Porque es obvio que no estoy haciendo las cosas bien. Quiero decir que… Estoy empeñado en encajar todo esto como un castigo y no tiene por qué serlo. Tal vez sea una lección. Una lección del tipo “te jodieron, te quedaste sin amor, y ahora tienes que ser paciente y tener huevos de aceptar todo el tiempo que sea necesario estar solo”. Algo así, como si me lo hubiera buscado yo. 

Como si en su día no hubiese luchado suficiente. Pero las cosas son así, nunca se ha luchado suficiente, nunca. O eso parece. Yo qué sé. Igual es que estoy demasiado cansado y tengo el problema de ser incapaz de desconectar. De abandonarme a lo que sea aunque sea la misma tragedia, por ejemplo.

El caso es que el espejo revela una verdad incómoda. No tengo buen aspecto, no estoy en un buen momento, y ya he delegado en demasiadas personas. Ahora ellas merecen descanso también. Ya no tiene sentido continuar desgranando la pataleta sobre lo que no me gusta o lo que no me parece justo.

Digamos que la conclusión es que toca joderse, tener paciencia (esa divina virtud que no es que haya perdido sino que nunca tuve), y todas esas historias. Supongo que lo mejor que puedo hacer es empezar a hacer ejercicio de nuevo, reventarme físicamente y ocupar mis pensamientos en el dolor muscular, las agujetas y el fuego quemando el alquitrán de mis pulmones (otra mala decisión la de ponerme a fumar). 

Lo de hacer ejercicio suena bien. Como a darme una nueva oportunidad de lograr algo; como el reto de exponerme a un nuevo fracaso. No lo acabo de tener claro pero creo que solo a base del dolor más esencial seré capaz de empezar a encajar el dolor del espíritu, la incomodidad de un alma que se debate en los límites de mi cuerpo. Que no cabe, que no está a gusto, que simplemente quiere salir pero no puede y yo solo la oigo gritar.

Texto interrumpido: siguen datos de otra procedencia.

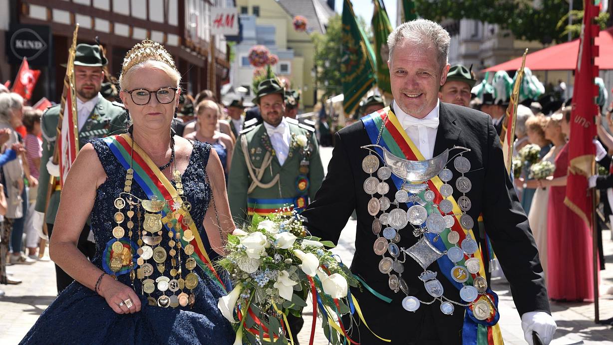 Höhepunkt der dreitägigen Festlichkeiten ist der große Umzug, bei dem das Königspaar Dieter und Martina Kuhlebrock zum letzten Mal eine große Bühne bekommen hat. An diesem Montag wird es spannend, wenn die neue Königin vorgestellt wird.

Y molesta. Y duele. Y también asusta.

Pero ya lo arreglaremos a base de sudor. Y seguro que alguna lágrima se escapa por el esfuerzo, que nunca está de más. Ya me estoy imaginando, con cada bocanada de aire para continuar, masticar mi soledad y decirle “mira adónde te mando, hija de la gran puta, que ahora no te quiero ni te necesito. Que aunque me obligaran a tenerte al lado yo no quiero”. O algo por el estilo. 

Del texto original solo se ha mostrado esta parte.